Protesters at last night’s meeting
Despite an outpouring of protest by 9/11 survivors, first responders, and their families, the New York City Community Board 1 has voted 29-1 in favor of building a mosque at Ground Zero, the site where Islamic terrorists committed the largest act of terrorism on American soil on September 11, 2001.
The New York Post reports that while the board has no official say over whether the estimated US$100 million mosque and community center gets built, the panel’s support, or lack of it, is considered important in influencing public opinion.
A New Yorker stands up against the mosque
An emotional four-hour debate raged before the vote, with about 150 New Yorkers attending the Greenwich Street meeting with signs opposing the proposed mosque.
“That [Ground Zero] is a burial ground,” retired FDNY Deputy Chief Al Santora told The Post. His wife, Maureen, said “I do have a problem with having a mosque on top of the site where [terrorists] can gloat about what they did.”
The Santora’s son, 23-year-old son, Christopher, was the youngest firefighter to die that day. 343 firefighters and paramedics were killed when the World Trade Center came crashing down.
Manhattan Borough President Scott Stringer
Manhattan Borough President Scott Stringer, who supports building the mosque, stood in front of the site before the meeting and said, “What we’re rejecting here is outright bigotry and hatred.”
Catholic priest Kevin Madigan, of St. Peter’s Church, which is about a block away, agreed.
“I think they need to establish a place such as this for people of goodwill from mainline Christian, Jewish and Muslim faiths so we can come together to talk,” Madigan said.
The mosque is part of a larger community center project called Cordoba House, which will include a performing arts center, swimming pool, culinary school, child care facilities. Spokeswoman for the project, Daisy Khan claims the project will provide 150 full-time jobs, 500 part-time jobs to New York City.
Why the Cordoba House?
Cordoba House is a Muslim-led project which will build a world-class facility that promotes tolerance, reflecting the rich diversity of New York City. The center will be community-driven, serving as a platform for inter-community gatherings and cooperation at all levels, providing a space for all New Yorkers to enjoy.
This proposed project is about promoting integration, tolerance of difference and community cohesion through arts and culture.
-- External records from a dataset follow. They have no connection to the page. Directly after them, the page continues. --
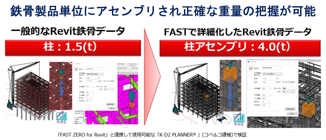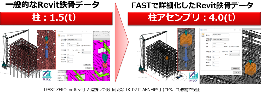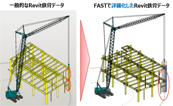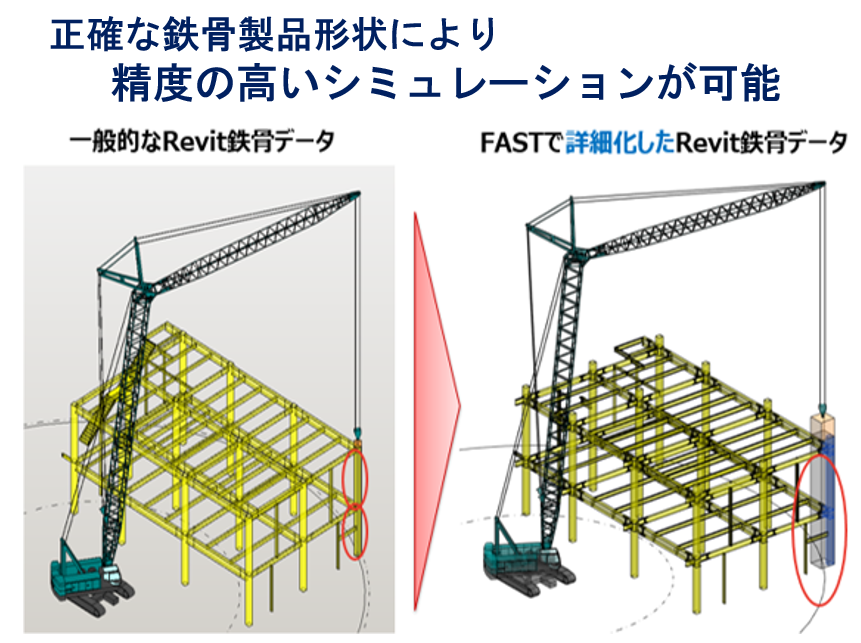 ファーストクルーが展示するRevit鉄骨モデル詳細化ツール「FAST ZERO for Revit」で作成した鉄骨モデルでは、正確な鉄骨重量、製品形状の把握が可能です。さらに、クレーンシミュレーションソフトとの連携ができ、これによって正確な揚重機の選定、またクレーン位置やクレーン姿勢、鉄骨の据え付け準の検討をより現実に近い条件でシミュレーションすることが可能になります。
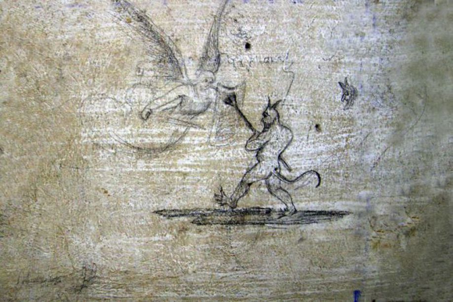 Ζωγραφιές στον τοίχο του υπογείου του δικαστηρίου Τρίπολης απο τον Τάκη Αλεβίζο ως κρατούμενος το 1949 (φωτ. Ευάγγελος Μαντζουράνης)
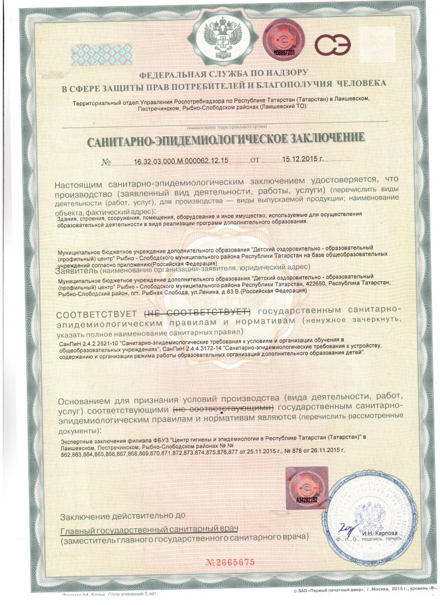 Санитарно-эпидемиологичское заключение
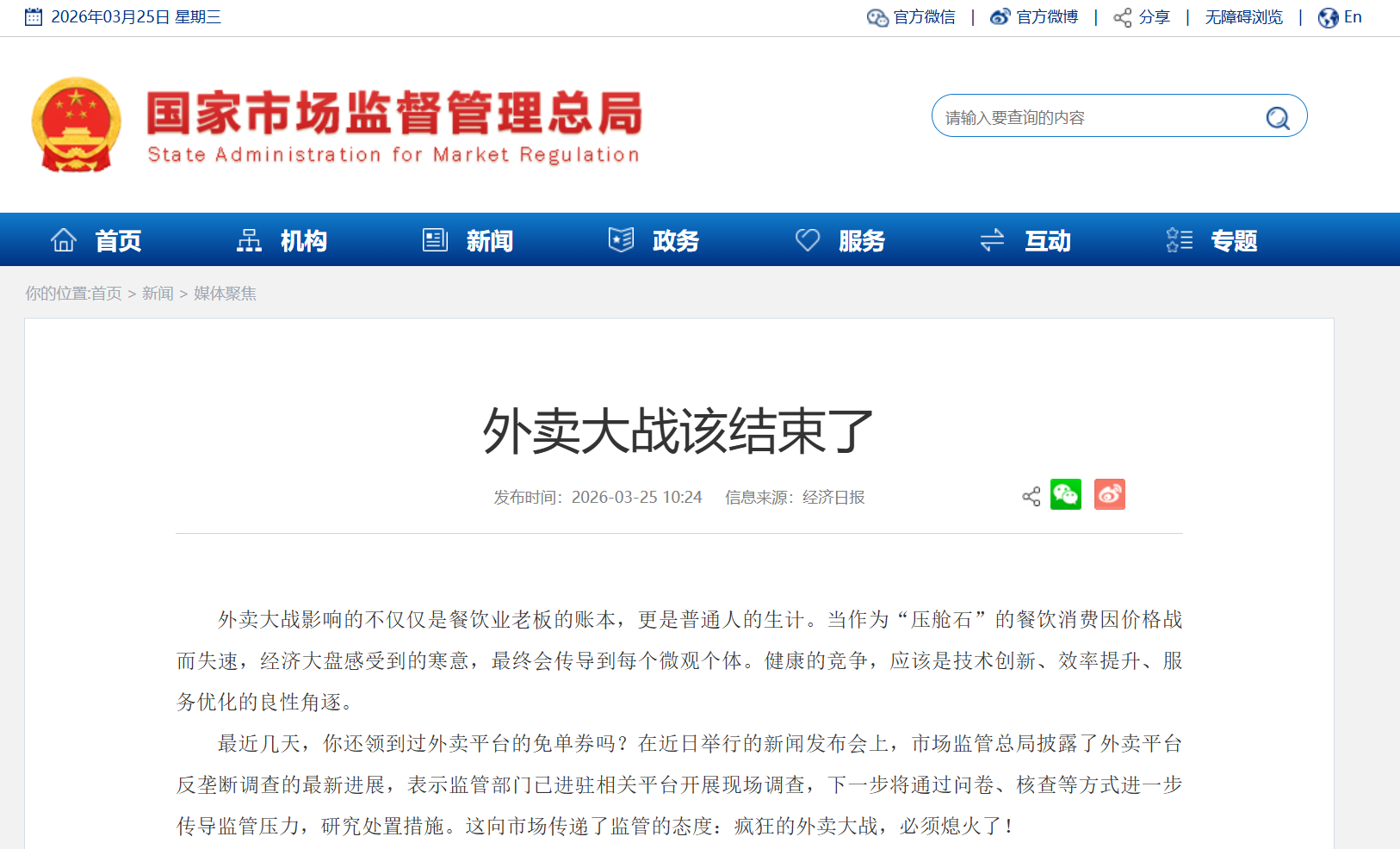 3月25日,国家市场监管总局官网转载评论文章《外卖大战该结束了》。文章直言,外卖大战冲击餐饮行业,拖累消费回暖的大趋势,影响餐饮业老板的账本和普通人的生计,监管及时叫停外卖大战,其实是在维护经济正常运行。
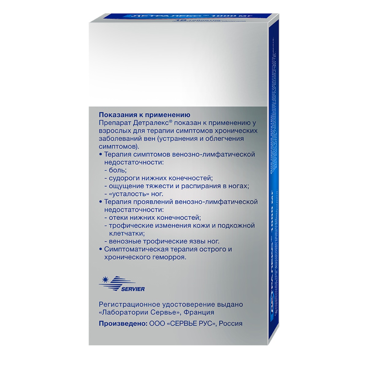Детралекс – современный медицинский препарат, разработанный специально для терапии вен и сосудов, в частности варикоза и геморроя. Способствует снятию болевых ощущений, отечности и тяжести в ногах при варикозном расширении вен, помогает устранить дискомфорт при геморрое, остановить кровотечение и уменьшить боль. Цена на Детралекс указана в карточке лекарства на сайте.
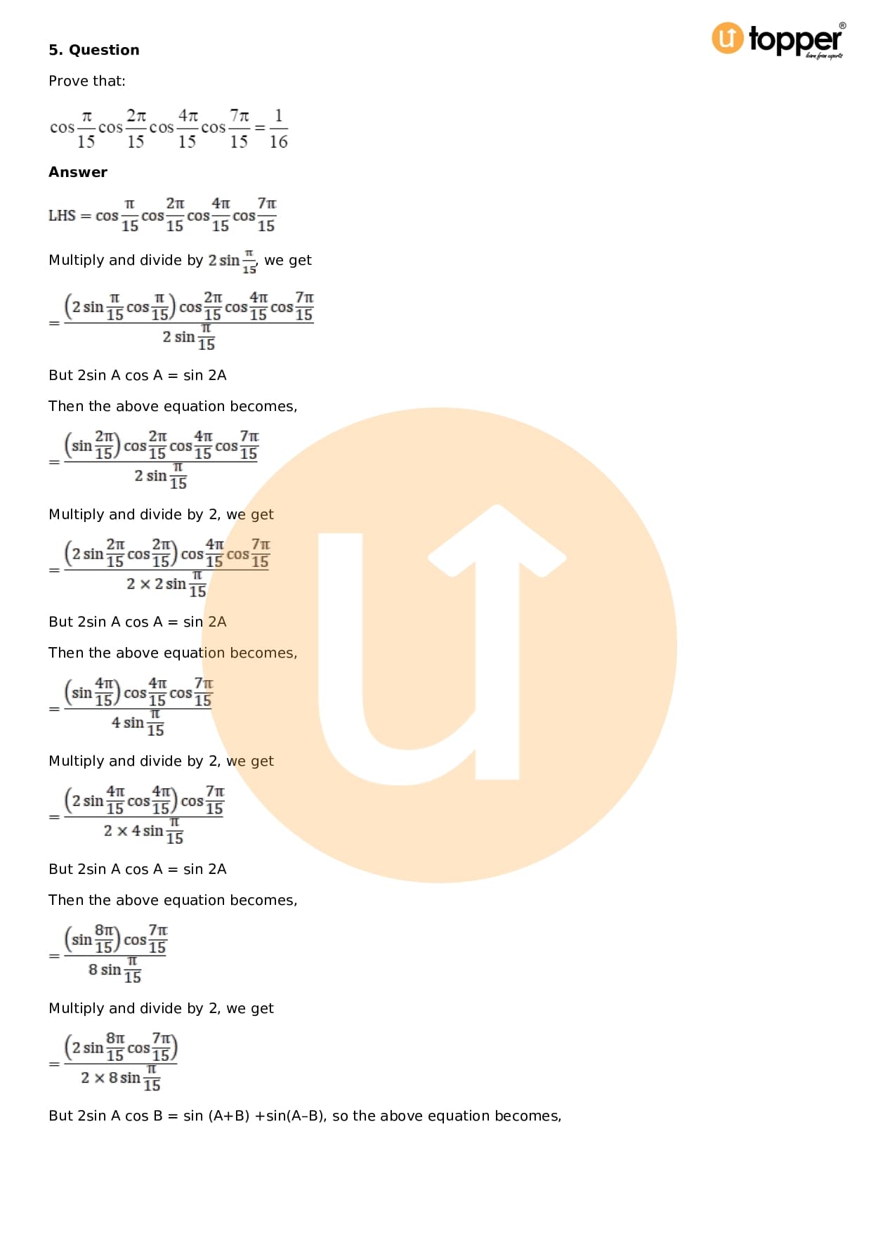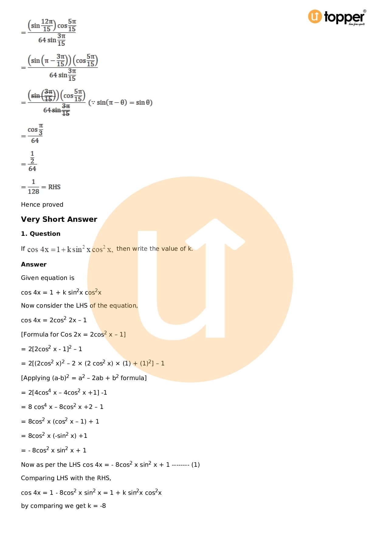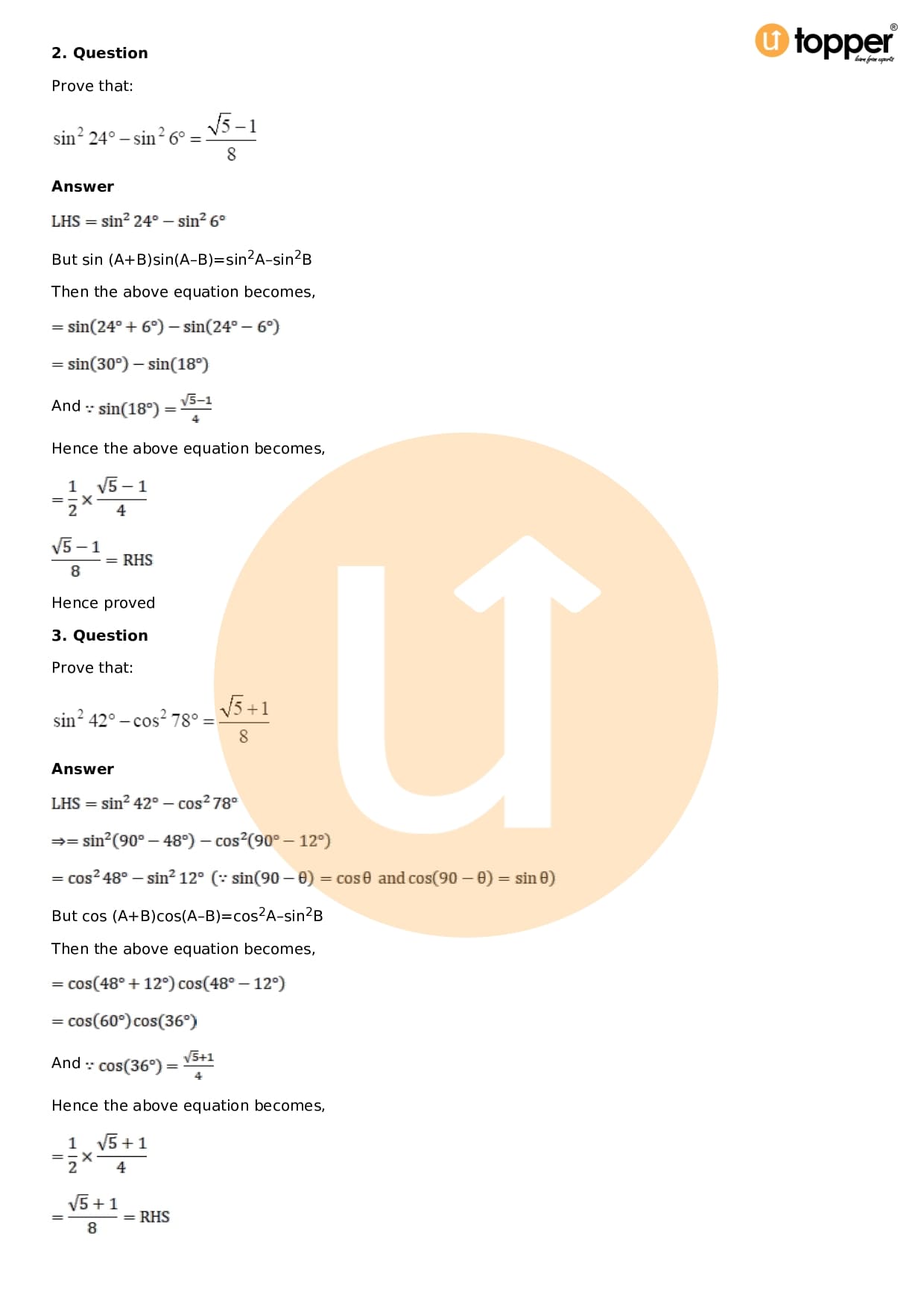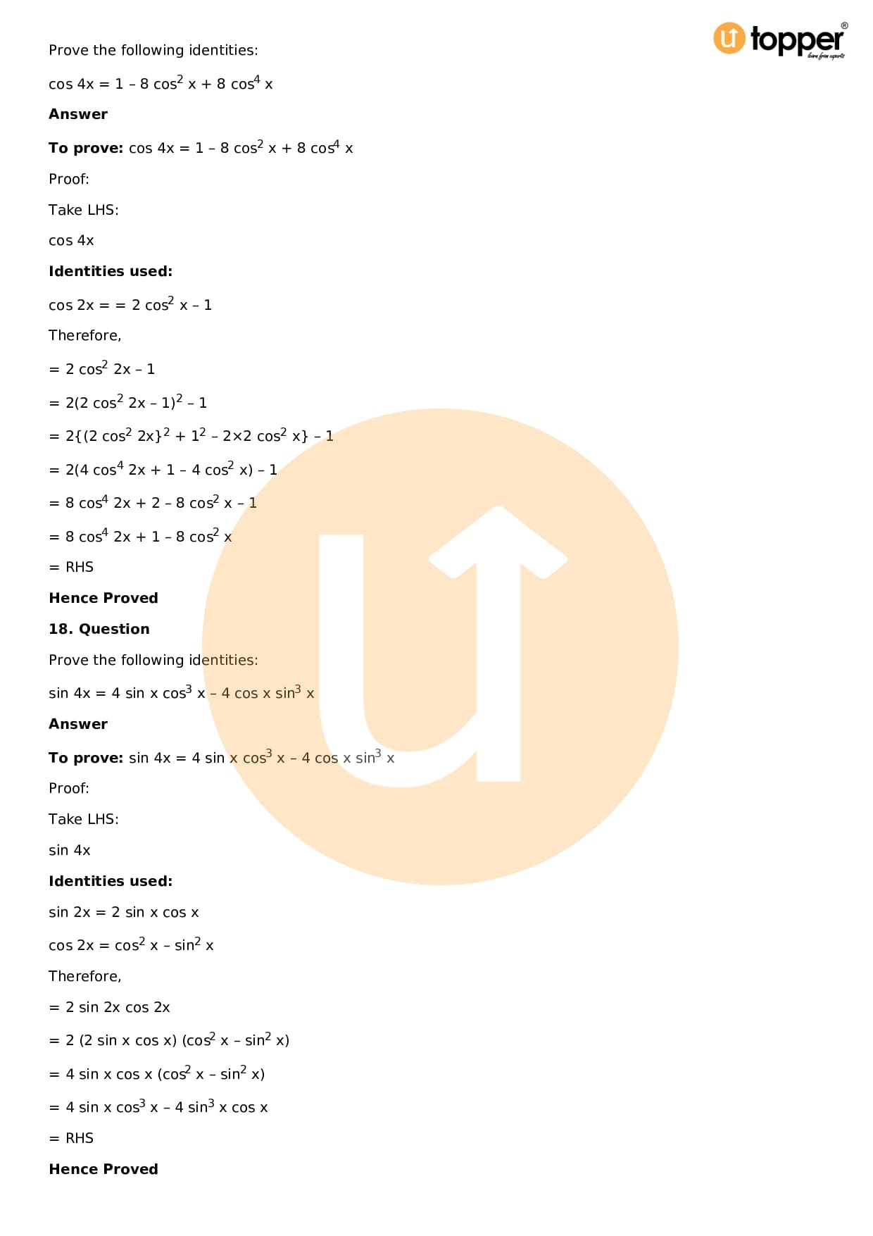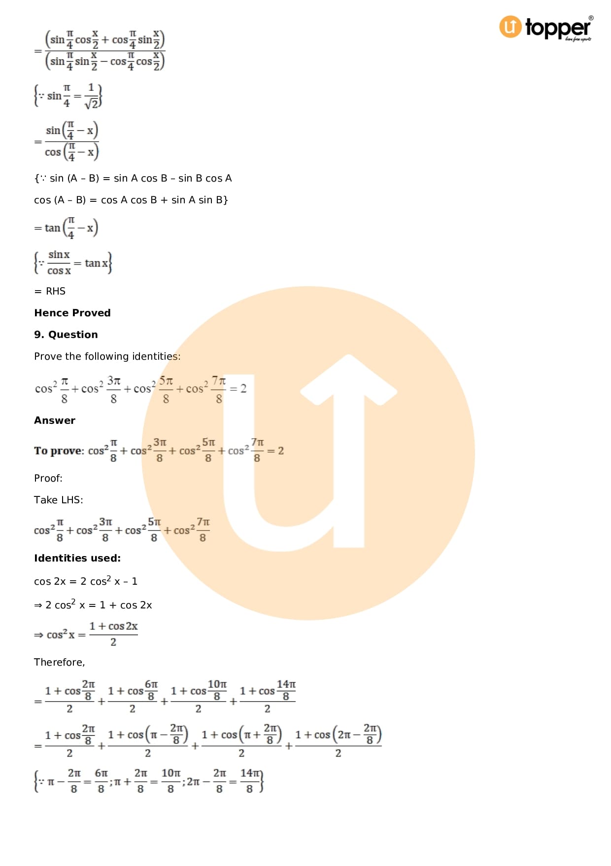 - Chapter 9 – Trigonometric Ratios of Multiple and Submultiple Angles
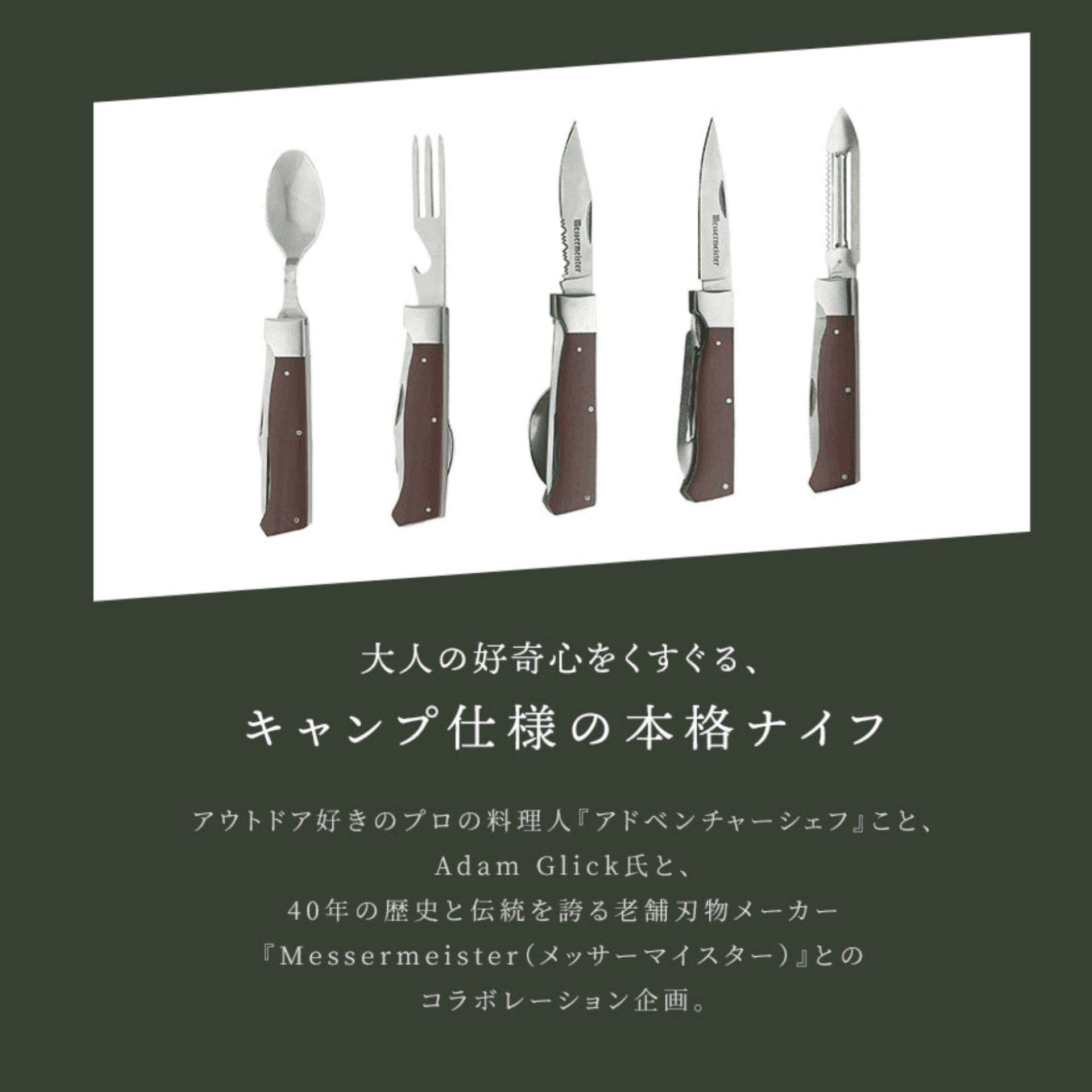 『Adventure Chef Collection』はアウトドア好きのプロの料理人『アドベンチャーシェフ』こと、Adam Glick氏と、40年の歴史と伝統を誇る老舗刃物メーカー『Messermeister(メッサーマイスター)』とのコラボレーション企画から生まれた商品。

Cordoba House will provide a place where individuals, regardless of their backgrounds, will find a center of learning, art and culture; and most importantly, a center guided by Islamic values in their truest form – compassion, generosity, and respect for all.
The site will contain tremendous amounts of resources that otherwise would not exist in Lower Manhattan; a 500-seat auditorium, swimming pool, art exhibition spaces, bookstores, restaurants – all these services would form a cultural nexus for a region of New York City that, as it continues to grow, requires the sort of hub that Cordoba House will provide.